Senso Ristorante & Bar at 21 Club Street, Singapore.
Text & Photo © G Fernandez, JE Nilsson, CM Cordeiro 2010-2013
A few years ago in Singapore, I had the opportunity to accompany some friends on their apartment hunting. There were several newly built units to view and we drove from place to place, spending long days on the road, bouncing from northeast to east and then west of the tiny island state.
From growing up in Singapore I remember how my mother spent time in the kitchen, over the weekends and in the evenings when she got home from work. Sometimes we dined out, but very often it was wet marketing where possible and then home to cook.
What caught me by surprise on this round of apartment hunting was how much smaller the kitchens in Singapore had become. It was as if the architects did not think of kitchens as a working space that should be able to function. In these apartments, home cooking seemed a non-activity for the household’s engagement, the oven being relegated to a token that marks the minimal existence of the kitchen space.
But being in Singapore, and considering all its wonderful facets of dining out, I can see how the kitchen at home has literally been spatially re-configurated both in the minds of people and in material dimensions, simply because eating out in Singapore is so much more than, a necessity.
In the courtyard, Singapore.
Courtyard.
A wood paneled window that brought me back to the convent in which I grew up.
Dining out is but a lifestyle where one savours the endless variety offered by a world of different cuisines brought literally to your doorstep. From Sweden to Brazil, Mexico to India and then Indonesia to Japan, even if you did have a favourite dish, be it local, international or fusion, there would be a list of different stalls or places you can visit for a straight three weeks and not end up dining at the same place twice.
I find too, that restaurants and eateries tend to absorb into their personality, their surrounding and the history of the surrounding, so that dining out to me, is much more than what is just presented in front of you on a plate.

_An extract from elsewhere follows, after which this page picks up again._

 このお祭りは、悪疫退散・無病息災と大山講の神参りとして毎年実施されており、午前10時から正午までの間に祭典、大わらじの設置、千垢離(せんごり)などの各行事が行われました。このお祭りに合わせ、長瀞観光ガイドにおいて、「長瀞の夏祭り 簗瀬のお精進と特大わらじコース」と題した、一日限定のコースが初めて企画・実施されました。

Unseen but perhaps felt in any restaurant’s ambience is the seeping through of time and events that contribute to the current experiences of the place. So when it comes to areas around North and South Bridge Roads in Singapore for example, what can be felt is the intensity of area as a place of constant events past and present that go on during the day. When placed in the context of Singapore’s trade history with people coming and going from various walks of life converging at the city centre, you can hardly get bored with dining out in Singapore.
For the senses.
Senso Ristorante & Bar at Club Street is one of those places I found particularly inviting for an evening’s quiet eat in mid-week. There’s something about the location of Club Street itself, its name testament to its own vibrant history, the restaurant’s restored colonial architecture with many original facade features that called to mind similar wooden paneled windows, stone walls and the courtyard textures of the convent in which I grew up.

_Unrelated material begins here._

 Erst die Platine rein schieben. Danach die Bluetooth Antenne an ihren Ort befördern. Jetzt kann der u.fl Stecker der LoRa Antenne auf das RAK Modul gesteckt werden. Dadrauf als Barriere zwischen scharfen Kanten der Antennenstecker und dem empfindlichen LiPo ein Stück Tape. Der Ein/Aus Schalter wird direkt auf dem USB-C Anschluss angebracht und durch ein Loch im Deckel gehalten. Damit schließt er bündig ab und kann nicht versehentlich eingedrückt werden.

Stepping in through the glass front doors of Senso, I found the place all at once familiar that gave me the feeling of having been there sometime past. So despite the rich modern colours of the interiors lit in the warm glow of amber lamps and gorgeously heavy tapestries that call to mind the Sanderson in London, crossing into the courtyard brought me right back to the classes of reading and writing with the Sisters of the Infant Jesus, where the little girls were invited to skip into the formation of rings, to be seated and ready for an afternoon of poetry reading.

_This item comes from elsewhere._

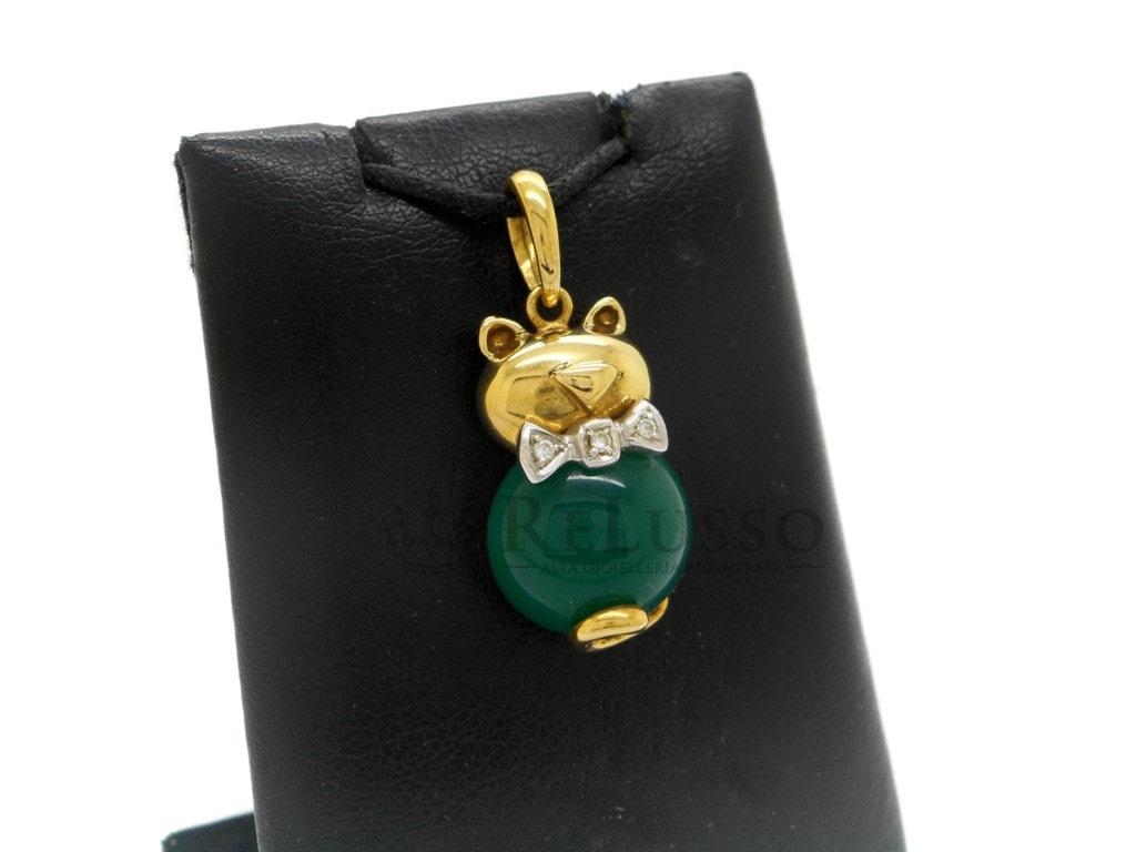 Damiani-Anhänger mit grünem Achat und Diamanten in 18 Karat Gelbgold.

Just a few minutes away from the heart of the central business district in Singapore near the waterfront, and a few minutes walk from Chinatown, Senso is a dining space where you can find delectable Italian cuisine. Their fettucine with Muscovy duck braised in Amarone is one of an array of small luxurious offerings. For a rapturous dessert, you could try their house specialty, Tiramisù Senso laced with a Barolo from Piedmont.
An affinity for the quiet in Singapore, and when dining out is more than the food presented at the table.
Despite preferring to wine and dine right at home, where I completely enjoy the notion and motions of putting on the table a warm hearty meal, weekday nights out in the city of Singapore, especially if you could find a secluded space you can call your own is equally as precious. And it was just this particular evening at Senso, that A.A. Milne’s words from Wind on the Hill came wafting in the air, intermingled with the soft scents of fresh basil and sun-dried tomatoes, drizzled in extra virgin olive oil:
No one can tell me, Nobody knows, Where the wind comes from, Where the wind goes.
It’s flying from somewhere, As fast as it can, I couldn’t keep up with it, Not if I ran.
But if I stopped holding, The string of my kite, It would blow with the wind, For a day and a night.
And then when I found it, Wherever it blew, I should know that the wind Had been going there too.
So then I could tell them, Where the wind goes… But where the wind comes from, Nobody knows.
And for a moment along this quiet street, I found myself strangely home in the echoes of a time past, caught in the soft ripples of laughter and of dance.